Sick of big data? Not so fast. The age of the data-centric system has just begun. Tackling this subject in a recent blog is Tilak Agerwala, Vice President of Data Centric Systems at IBM Research.
Agerwala observes: “Since the 1950s, the models studied by HPC systems have increased both in scale and in detail with ever more sophisticated users calling for – and planning on – increased computational power. This increase is expressed in the form of Floating Point Operations per Second or FLOPS. Aggregate installed FLOPS, as measured by the Top500, have increased exponentially since tracking began in 1993, going from less than 60 gigaflops to nearly 300 petaflops, today. And the demand for increased FLOPS is not likely to abate for the foreseeable future.

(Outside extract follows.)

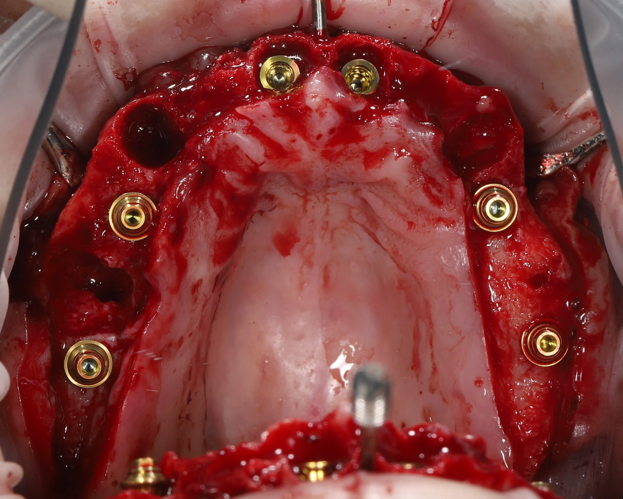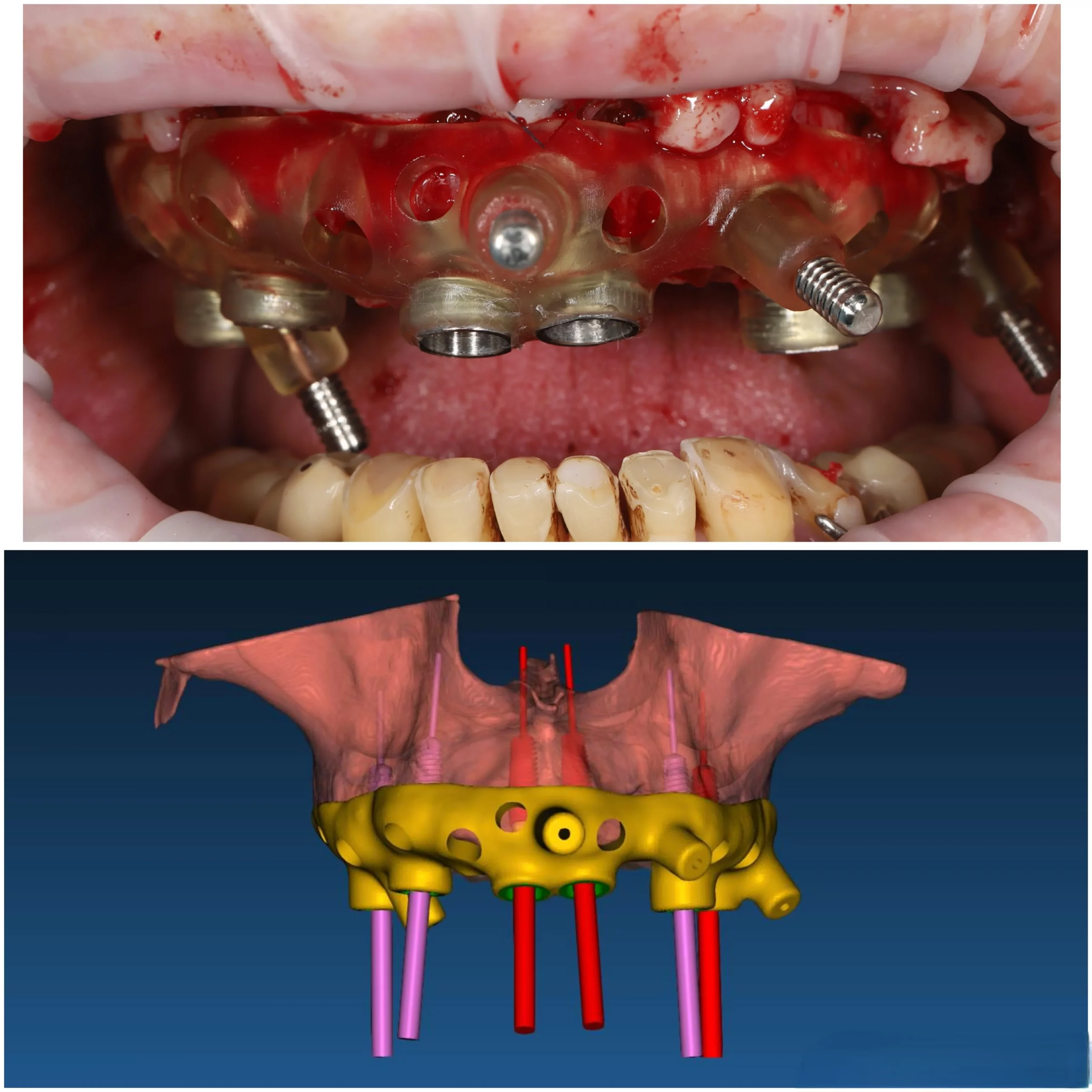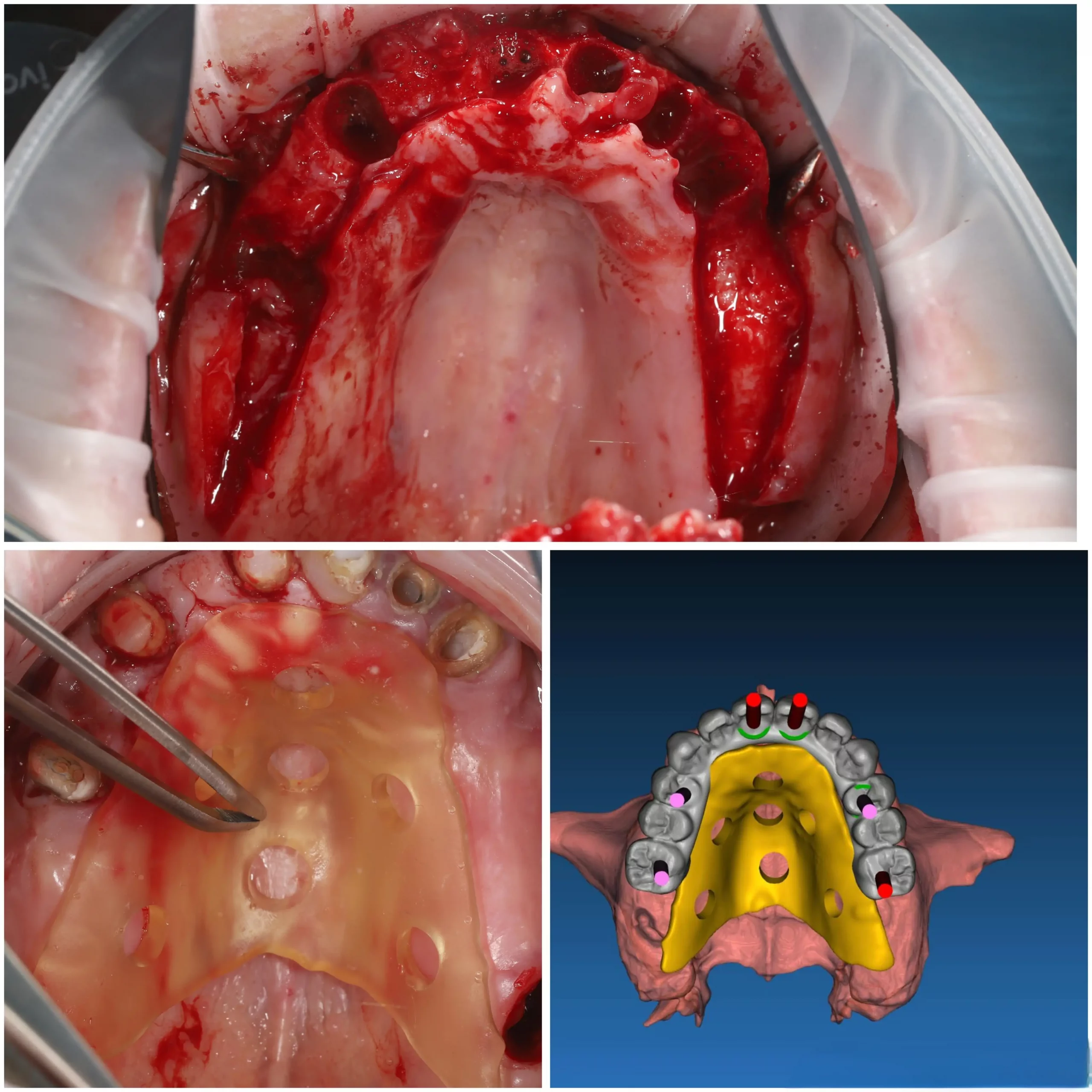3. Фиксирован накостный шаблон, установлены 6 имплантатов C1, 4 прямых MU и 2 connect abatment.

“However, we are now seeing a new trend emerge that will dramatically change how HPC system design moves forward – the emergence of data as the world’s newest, and arguably largest, natural resource.”
But HPC has always had its two sides. Problems were divided into compute- and data-centric camps. If big data isn’t new to HPC, then why all the fuss?
Agerwala continues: “Today’s businesses, academic institutions and government agencies continue to have a multitude of applications for HPC, from fraud detection in transaction-based systems like credit cards serving millions of users simultaneously, to computational simulations the human heart beating in real time cell by cell. But unlike 60 years ago, these models now support a trillion fold more data – leaping from kilobytes to petabytes, and growing.”
Adding a trillion-fold more of anything to a system is sure to obviate the status quo.
“This onslaught of this structured and unstructured data on HPC requires a flexible computing architecture capable of addressing the growing needs for the workloads this data scale demands,” he says. “In order to prepare for the future, IBM has adopted Data Centric Systems (DCS) design as our new paradigm for computing.”
In 2011, IBM supplied Lawrence Livermore National Lab with the BlueGene/Q supercomputer, called Sequoia. Under Project Cardioid, Sequoia enabled the simulation of an entire human heart. Whole system modeling is having a remarkable impact on science, medicine and industry as well, but IBM is looking even farther ahead at a time when data centric systems will be “Systems of Insight.”
Data is the key to higher-resolution models, that draw on multiple simultaneous, and coupled simulations. But getting to this next stage will require 100x more compute power than the best systems of today, as well as a data-centric approach.
“True Data Centric Systems will be realized when we can consolidate modeling, simulation, analytics, Big Data, and machine learning and cognitive computing as ‘Systems of Insight,'” contends Agerwala. “They will provide these capabilities faster with more flexibility and lower energy costs, effectively ushering in a new category of computers.”